- Theatrical release poster
- Directed by: Sundar C
- Written by: Sundar C
- Screenplay by: Naru Narayanan Mahaakerthi Aravindraj
- Produced by: Khushbu A. C. S. Arun Kumar A. C. Shanmugam
- Starring: Jiiva Jai Srikanth Yogi Babu Malvika Sharma Amritha Aiyer Raiza Wilson Aishwarya Dutta Samyuktha Shanmuganathan Dhivyadharshini
- Cinematography: E. Krishnasamy
- Edited by: Fenny Oliver
- Music by: Yuvan Shankar Raja
- Production companies: Avni Cinemax Benzz Media (P) Ltd.
- Distributed by: Red Giant Movies
- Release date: 4 November 2022;
- Running time: 147 minutes
- Country: India
- Language: Tamil

= Coffee with Kadhal =

2022 film by Sundar C

Coffee with Kadhal is a 2022 Indian Tamil-language romantic comedy drama film directed and written by Sundar C and produced by Khushbu, A. C. S. Arun Kumar and A. C. Shanmugam under the banner of Avni Cinemax and Benzz Media (P) Ltd. The film stars Jiiva, Jai, Srikanth, Malvika Sharma (in her Tamil film debut), Amritha Aiyer, Raiza Wilson, Aishwarya Dutta, Samyuktha Shanmuganathan and Dhivyadharshini. The film's music is composed by Yuvan Shankar Raja, with cinematography handled by E. Krishnasamy and editing by Fenny Oliver. This was the posthumous film of noted actor-director Pratap Pothen, who died on 15 July 2022 from natural causes.
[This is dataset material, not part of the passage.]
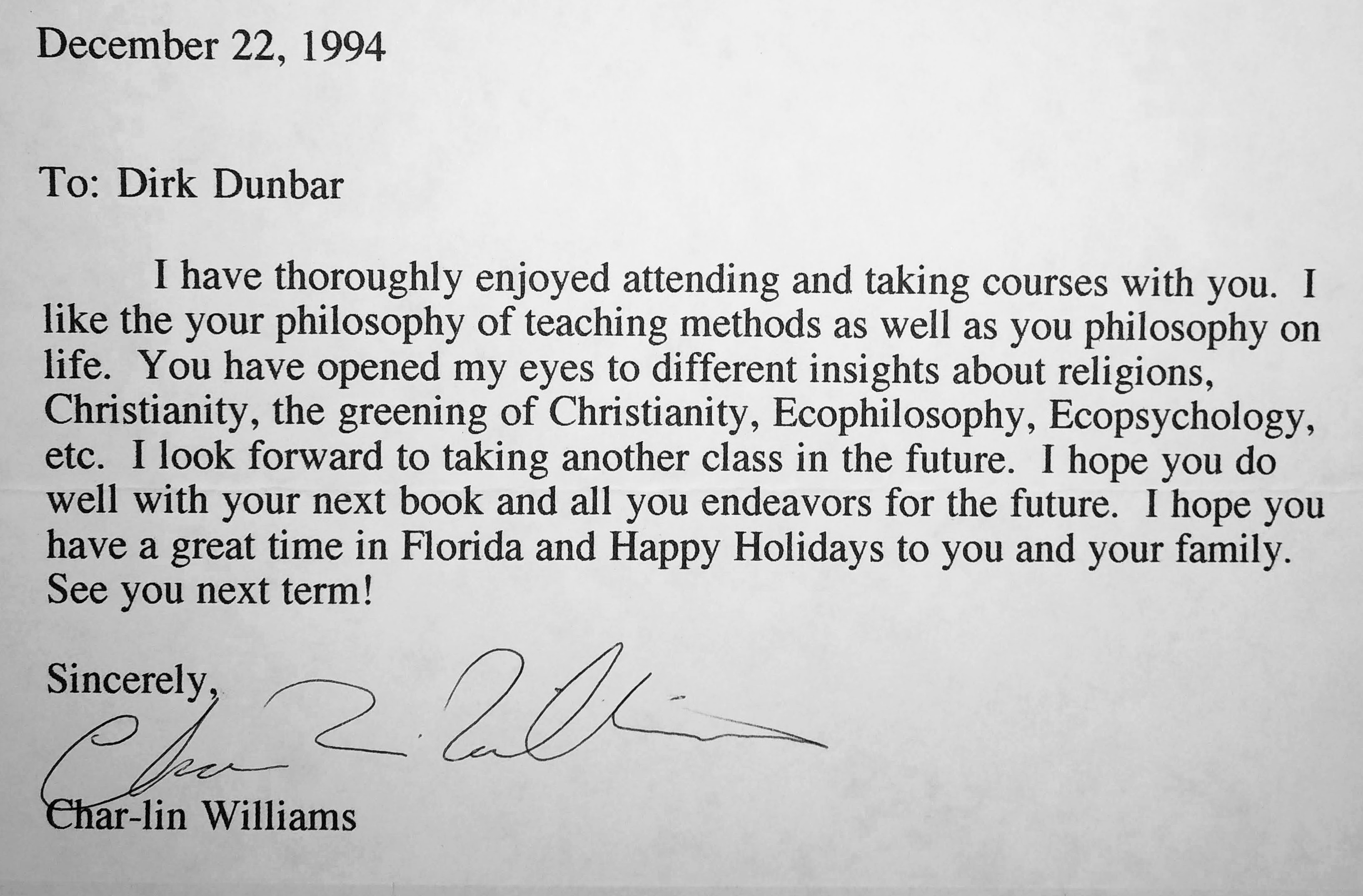 The other two parts of humanities were equally broad but just as much fun to teach. I also taught humanities at Unity College, where the entire history of world civilizations was packed into two parts, and at Northwest Florida State College, where it was all stuffed into one! Anyway, the film class became one of my favorites to teach. Over my career, I had over 90 sections of film, mostly at NWFSC but some at UWF as well as the ones at FSU. I taught over 100 sections of World Religions, and all kinds of other religion courses (see Syllabi below). Having retired in 2021, it’s fun reminiscing about all this. Students help. I recently received an email from a student, Blair, who I taught at FSU over 30 years ago. She was talking to her husband about me because I was the only professor she remembered and looked me up. She saw my articles and books on nature, balance, and spirituality and knew it was me. She thanked me, told me about her education, job, and two teenage sons, and congratulated me on my retirement. Needless to say, she made my day. The classes at FSU were huge, with well over 30 students. I did my best to make them discussion-based but it was difficult so I did quite a bit of lecturing, wrote key terms on the board, and asked specific questions while walking around the class trying to keep up with the material. For the most part, it apparently worked. With help from student evaluations, I won the Sarah Herndon Teaching Award presented annually to a graduate assistant. Here are a few comments from my first two classes:

The film marks the second collaboration for Sundar C with Jiiva and Jai after Kalakalappu 2, and his fourth collaboration with Yuvan after Unakkaga Ellam Unakkaga, Rishi and Winner. It was shot extensively across Tamil Nadu including Chennai and predominantly shot in Ooty for 75 days.
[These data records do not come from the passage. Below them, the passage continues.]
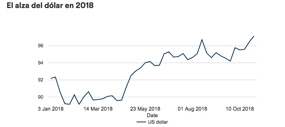 El dólar se encuentra en su punto más alto en este 2018 y ha aumentado de forma considerable en octubre. El motivo es que esta moneda sirve de refugio para los inversores.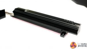 As is usually the case, though, an open-venting graphics card sat above the SSDs will raise their temperature considerably. ASUS’ vertically-orientated M.2 mount near the 24-pin connector is one of the best methods we have seen for avoiding this potential cooling headache.
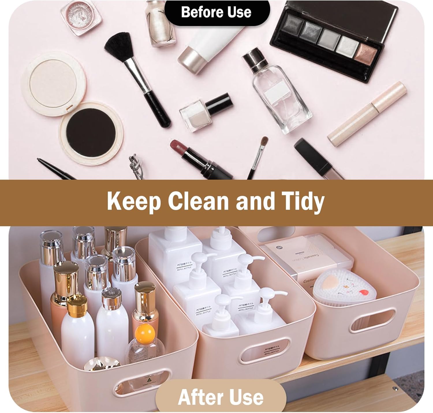 - Wide Application: These storage bins are ideal for use in a variety of settings, including bathrooms, bedrooms, kitchens, living rooms, studies, and offices, providing an efficient way to organize and declutter your space.
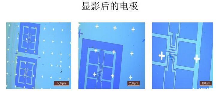 掩膜板是一塊玻璃,上面鍍有反射層,而制作電極的地方(即光刻圖案)沒有反射層。將掩膜板上光刻圖案剛好對(duì)準(zhǔn)在石墨烯上之后,就可以進(jìn)行曝光操作。曝光之后就是顯影,掩膜板上電極所在區(qū)域的膠都會(huì)消失,就好像凹下去了一樣,空出來(lái)的部分就用以放置電極(見圖6)。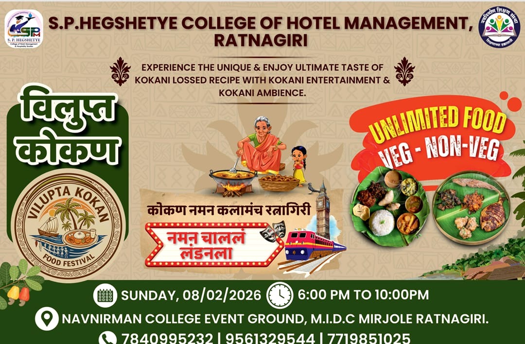 रत्नागिरी: कोकणची संस्कृती, तिथल्या कला आणि प्रामुख्याने जिभेवर रेंगाळणारी चव जपणे हे आजच्या काळात एक आव्हान बनले आहे. हीच परंपरा जपण्यासाठी रत्नागिरीतील नवनिर्माण शिक्षण संस्थेच्या एस. पी. हेगशेट्ये महाविद्यालयाने एक स्तुत्य उपक्रम हाती घेतला आहे. महाविद्यालयाच्या बी. एस. सी. हॉस्पिटॅलिटी स्टडिज (हॉटेल मॅनेजमेंट) विभागातर्फे रविवार, ०८ फेब्रुवारी २०२६ रोजी “विलुप्त कोकण” या विशेष थीम डिनरचे आयोजन करण्यात आले आहे.

Coffee with Kadhal was initially scheduled for a theatrical release in July 2022, but was postponed and was released on 4 November 2022 to mixed reviews from critics, and was a box-office bomb.

==Plot==

In Ooty, Kathir is an aspiring entrepreneur who has completed hotel management and wants to own a 5-star hotel. Saravanan is working in a startup abroad and lives with his live-in partner Neetu and Ravi is a music school teacher. Their sister Varshini is expecting, who complains about her workaholic husband Santhosh, and Radhika is Ravi's wife, who tries to get back her romantic relationship with Ravi and tries losing weight but he lost interest long back. Shruthi is their daughter.
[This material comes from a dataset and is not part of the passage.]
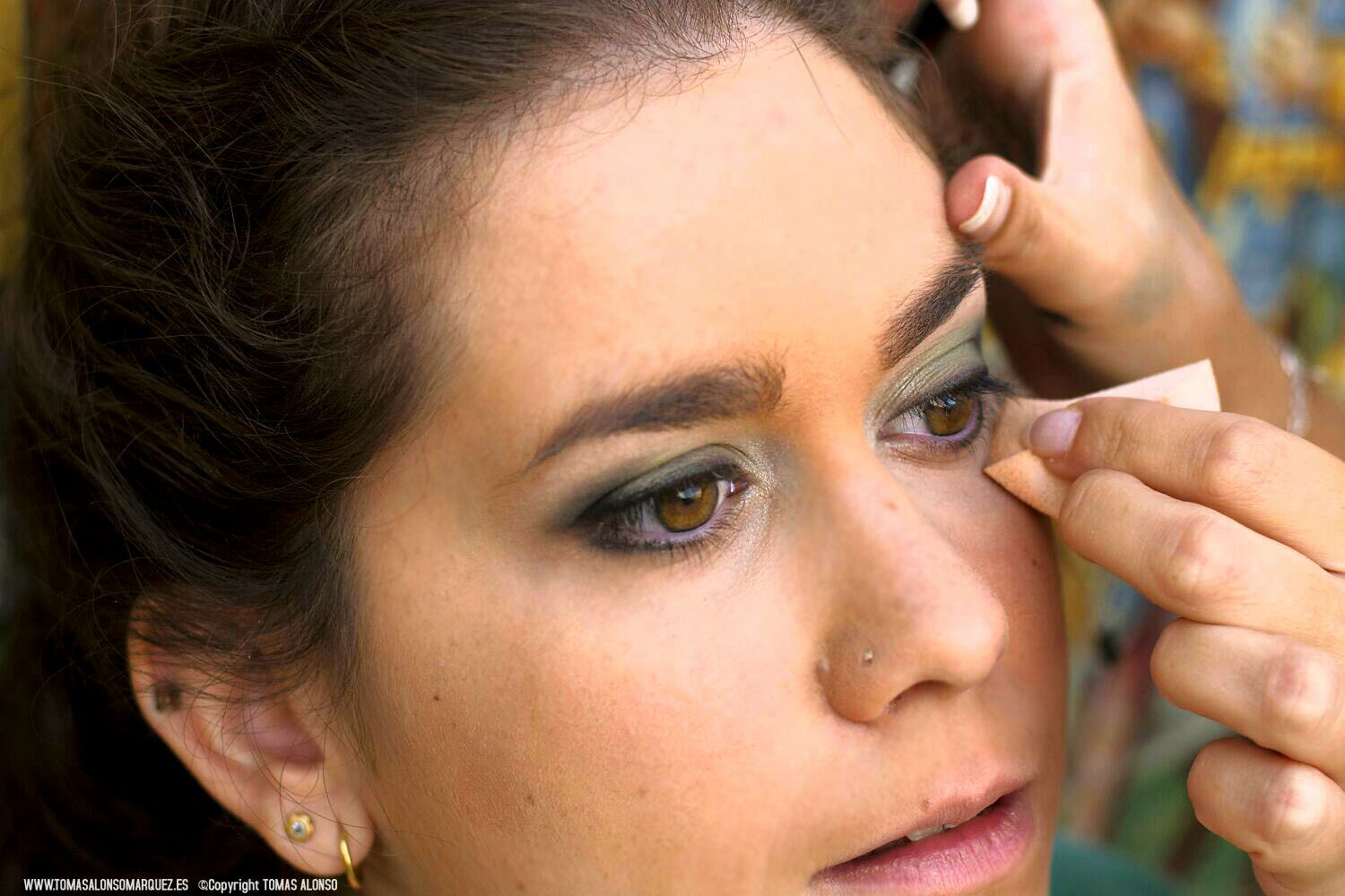 Puesto que el look de la modelo se basaba en un estilo con aires hippies de tonos verdosos, me centré en tonalidades verdosas con un toque ligeramente blanco irisado para aportarle un poco de luz a la mirada.

Though Saravana is successful, his girlfriend dumps him with "Shining star" Rohan and soon resigns from his job and comes back to Ooty. He hides the truth from the family but tells only to Varshini as she is close to him. Meanwhile, the land where Kathir wants to build his hotel belongs to a Colonel, who will give the land only within his family. Abi is Kathir's close friend who also has a secret crush on him. At the 25th wedding anniversary of the Colonel, Kathir devises a plan to marry the Colonel's daughter Diya so that he will get the land. Both the parents accept the alliance and plan to get both Saravana's and Kathir's marriage together. Initially hesitant, Saravana still manages his lie. Meanwhile, Ravi is infatuated by Sarah, who runs a music troop and they both have a one-night stand. Later Sarah completely avoids Ravi, and Ravi later gets heartbroken.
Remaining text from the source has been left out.